**Task instructions**
Output the listing word for word, minus pictures.

**Raw data**
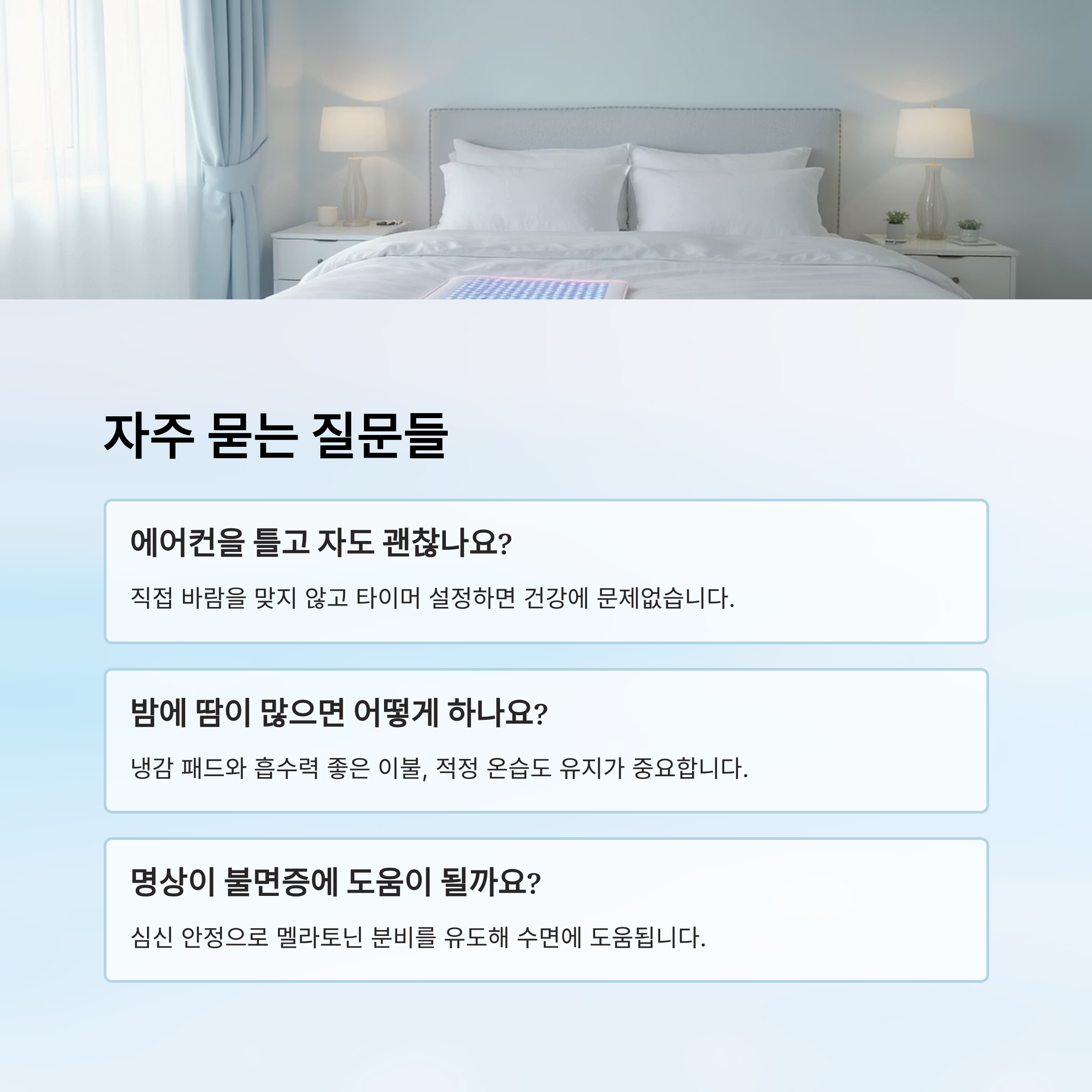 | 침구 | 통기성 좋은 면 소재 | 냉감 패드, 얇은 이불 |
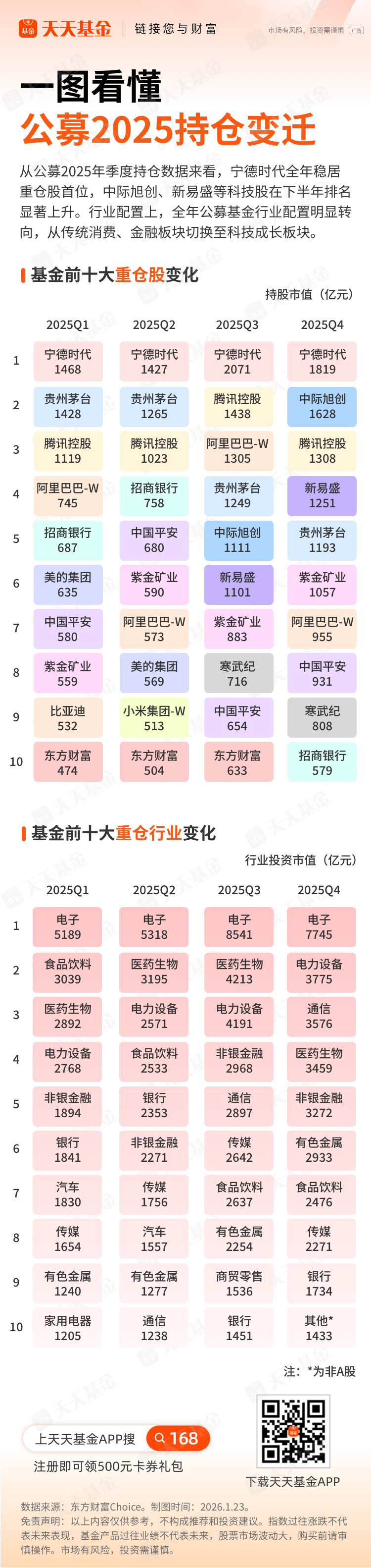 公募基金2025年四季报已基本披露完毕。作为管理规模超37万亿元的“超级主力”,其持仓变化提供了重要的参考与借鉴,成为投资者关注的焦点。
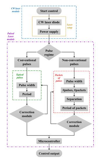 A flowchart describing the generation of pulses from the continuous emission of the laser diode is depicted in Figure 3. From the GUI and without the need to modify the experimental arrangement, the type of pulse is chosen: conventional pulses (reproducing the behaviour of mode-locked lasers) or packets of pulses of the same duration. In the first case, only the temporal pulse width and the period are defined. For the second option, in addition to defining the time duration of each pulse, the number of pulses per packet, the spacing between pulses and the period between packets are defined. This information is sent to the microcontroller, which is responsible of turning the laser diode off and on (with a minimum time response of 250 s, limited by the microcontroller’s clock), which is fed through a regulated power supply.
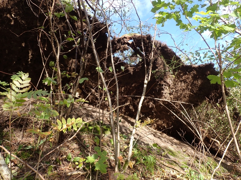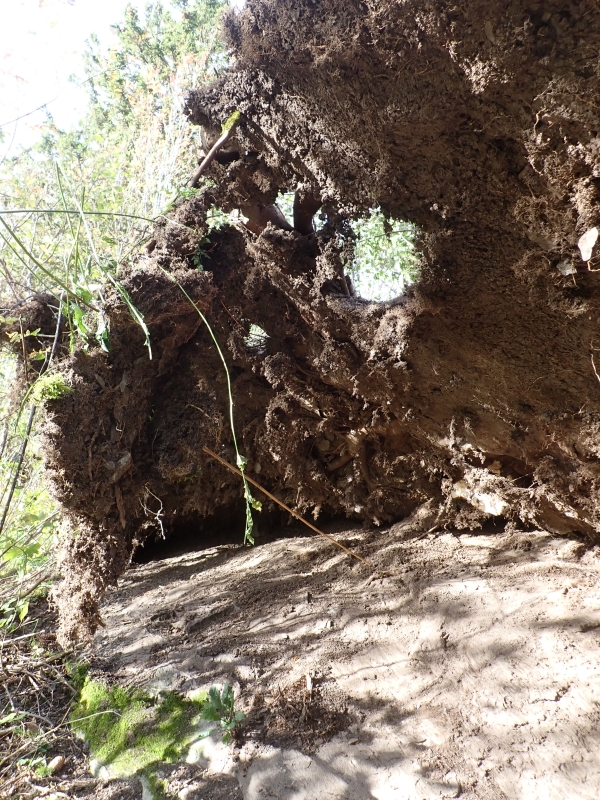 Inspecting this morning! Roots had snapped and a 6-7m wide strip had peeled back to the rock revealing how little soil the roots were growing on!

**Answer section**
 | 침구 | 통기성 좋은 면 소재 | 냉감 패드, 얇은 이불 |
 公募基金2025年四季报已基本披露完毕。作为管理规模超37万亿元的“超级主力”,其持仓变化提供了重要的参考与借鉴,成为投资者关注的焦点。
 A flowchart describing the generation of pulses from the continuous emission of the laser diode is depicted in Figure 3. From the GUI and without the need to modify the experimental arrangement, the type of pulse is chosen: conventional pulses (reproducing the behaviour of mode-locked lasers) or packets of pulses of the same duration. In the first case, only the temporal pulse width and the period are defined. For the second option, in addition to defining the time duration of each pulse, the number of pulses per packet, the spacing between pulses and the period between packets are defined. This information is sent to the microcontroller, which is responsible of turning the laser diode off and on (with a minimum time response of 250 s, limited by the microcontroller’s clock), which is fed through a regulated power supply.
 Inspecting this morning! Roots had snapped and a 6-7m wide strip had peeled back to the rock revealing how little soil the roots were growing on!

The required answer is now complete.